Work instruction – Return the data below exactly, please, but drop the pictures.
### Data block
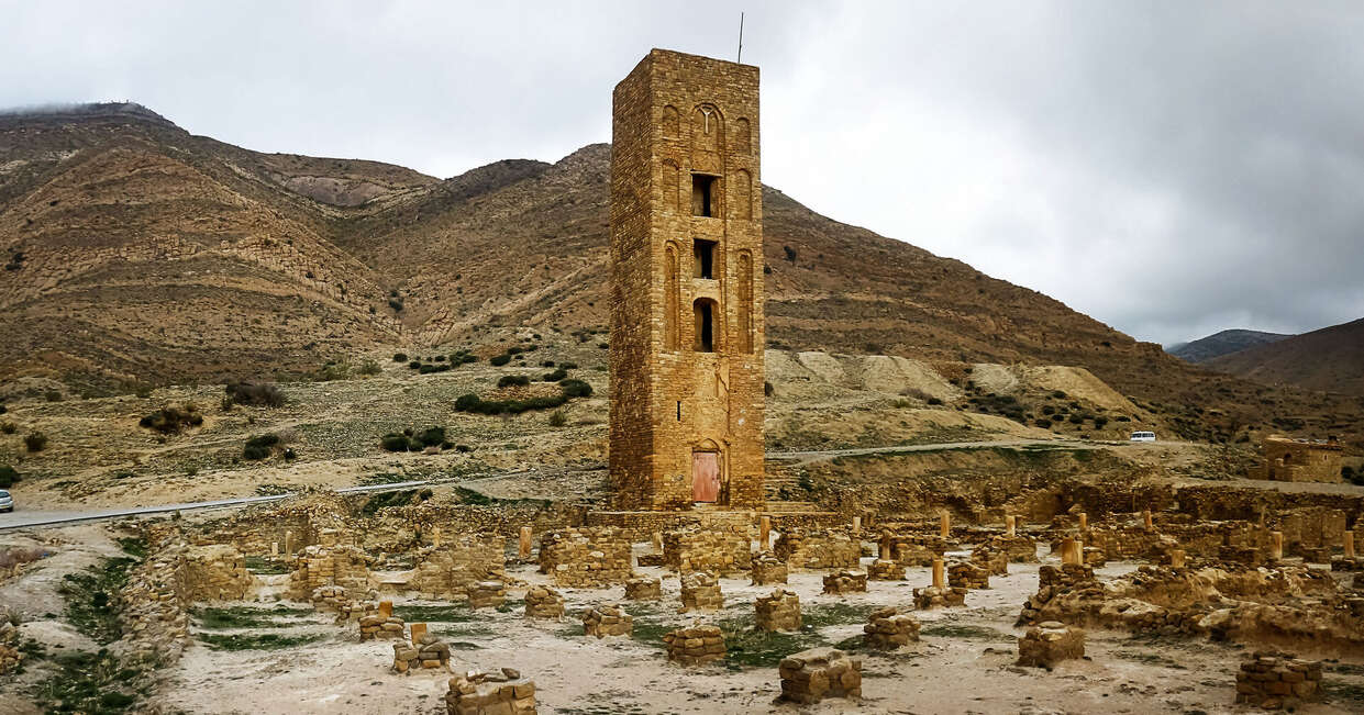 Our first stop this morning is the Al Qal'a (fortress) of Beni Hammad, which comprises a striking minaret of what used to be a very large mosque, built of roughhewn sandstone blocks. Set amongst the arid rolling hills, the area was once inhabited by the first capital of the Hammadid empire in the 11th century. Its design later influenced Arab architecture, which can be seen throughout the Maghreb, Andalucia, and as far away as Sicily. There is a small museum at the site which we'll also visit if it's open.
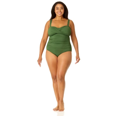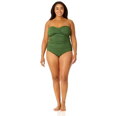 Whether you prefer to swim in the ocean or at a pool, you’ll love our twist front shirred one piece swimsuit This one piece swimsuit features adjustable and removable over-the-shoulder straps to ensure a perfect fit while giving you different ways to style your look. Shirred details and a twist front on this bandeau-style cut give you a figure-flattering look. Pair this twist front shirred one piece with our cover up for casual beach style.
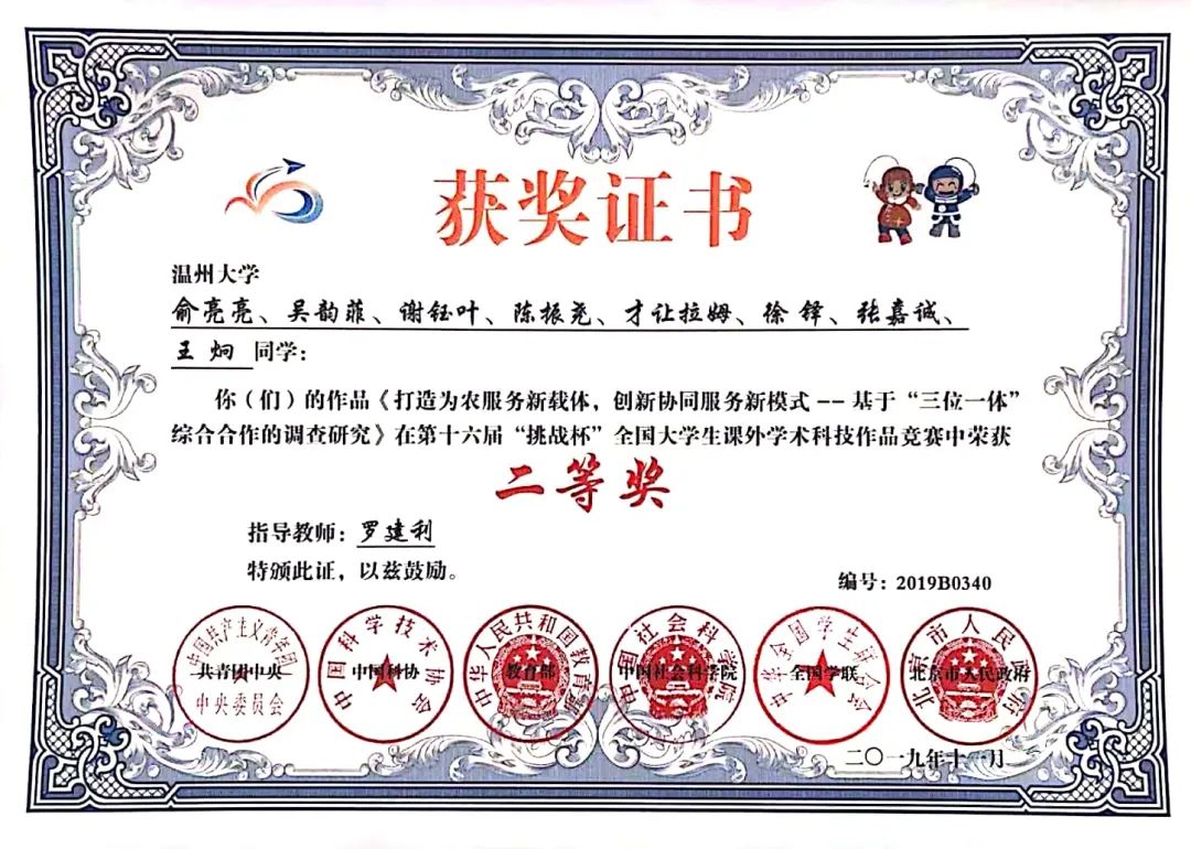 《打造为农服务新载体,创新协同服务新模式——基于“三位一体”综合合作的调查研究》获得第十六届“挑战杯”全国大学生课外学术科技作品竞赛二等奖,提出了由“三位一体农合联”与“三位一体合作社”共同构成的三位一体综合合作体系。该体系从生产、供销、信用方面入手,解决生产技术落后、供销渠道狭窄、周转资金不足等问题,其本质是整合乡村要素资源,打造为农综合服务平台,从而能够有效促进城乡资源双向流动和要素合理配置,为农村发展注入新的动力。在此项目基础上继续开展的新课题荣获浙江省第十七届“挑战杯”大学生课外学术科技作品竞赛特等奖,并向国赛奖项发起冲击。
######
Answer to this task –
 Our first stop this morning is the Al Qal'a (fortress) of Beni Hammad, which comprises a striking minaret of what used to be a very large mosque, built of roughhewn sandstone blocks. Set amongst the arid rolling hills, the area was once inhabited by the first capital of the Hammadid empire in the 11th century. Its design later influenced Arab architecture, which can be seen throughout the Maghreb, Andalucia, and as far away as Sicily. There is a small museum at the site which we'll also visit if it's open.
 Whether you prefer to swim in the ocean or at a pool, you’ll love our twist front shirred one piece swimsuit This one piece swimsuit features adjustable and removable over-the-shoulder straps to ensure a perfect fit while giving you different ways to style your look. Shirred details and a twist front on this bandeau-style cut give you a figure-flattering look. Pair this twist front shirred one piece with our cover up for casual beach style.
 《打造为农服务新载体,创新协同服务新模式——基于“三位一体”综合合作的调查研究》获得第十六届“挑战杯”全国大学生课外学术科技作品竞赛二等奖,提出了由“三位一体农合联”与“三位一体合作社”共同构成的三位一体综合合作体系。该体系从生产、供销、信用方面入手,解决生产技术落后、供销渠道狭窄、周转资金不足等问题,其本质是整合乡村要素资源,打造为农综合服务平台,从而能够有效促进城乡资源双向流动和要素合理配置,为农村发展注入新的动力。在此项目基础上继续开展的新课题荣获浙江省第十七届“挑战杯”大学生课外学术科技作品竞赛特等奖,并向国赛奖项发起冲击。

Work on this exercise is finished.